__Assigned task__
Write out word for word each line from the one containing "АВТО-АКС, торговая компания" through the close of the listing, including both ends. Pictures do not belong in the copy.

__Supplied data__
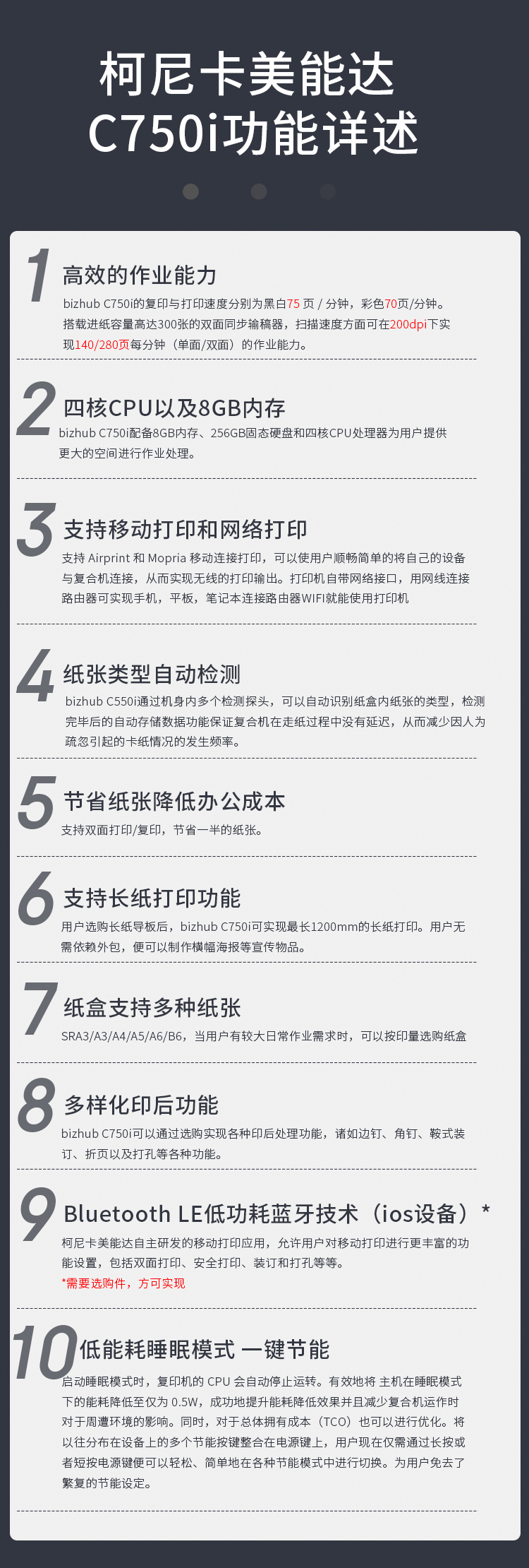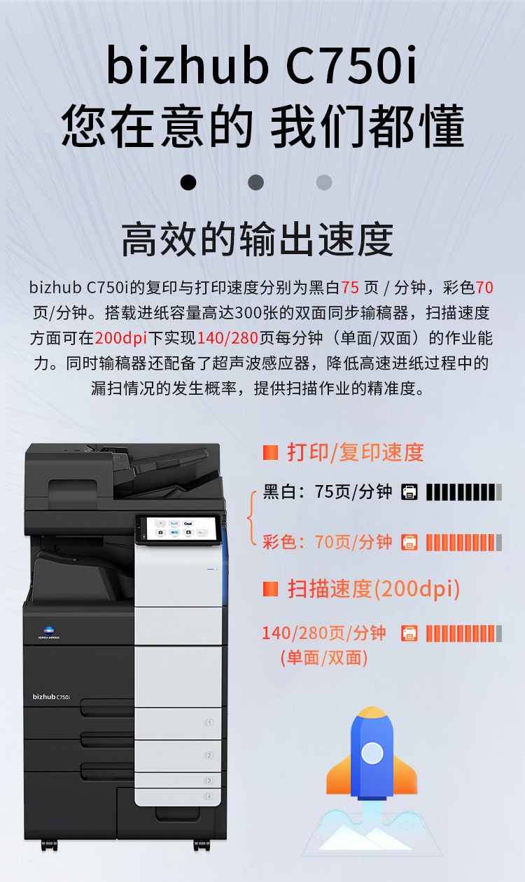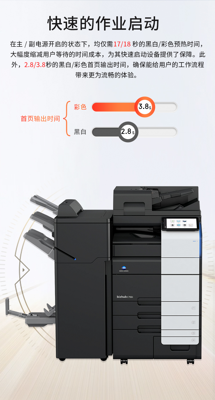 3、打印速度:75/70 頁(yè)/分鐘(黑白/彩色)
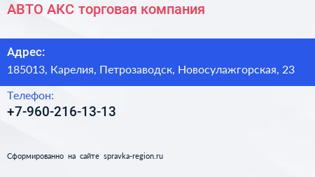 АВТО-АКС, торговая компания по адресу 185013, Карелия, Петрозаводск, Новосулажгорская, 23 в дальнейшем Организация, размещена в следующих категориях:
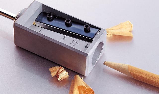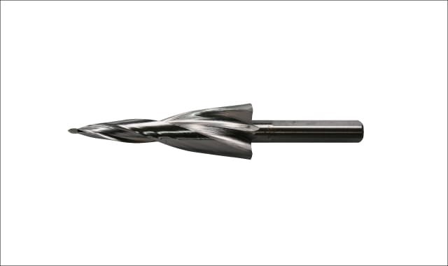 Plataus pritaikymo komplektas, kurį sudaro aukštos kokybės kūginis grąžtas ir atitinkamos formos drožtuvas kaiščio gamybai.

__Output for this task__
 АВТО-АКС, торговая компания по адресу 185013, Карелия, Петрозаводск, Новосулажгорская, 23 в дальнейшем Организация, размещена в следующих категориях:
 Plataus pritaikymo komplektas, kurį sudaro aukštos kokybės kūginis grąžtas ir atitinkamos formos drožtuvas kaiščio gamybai.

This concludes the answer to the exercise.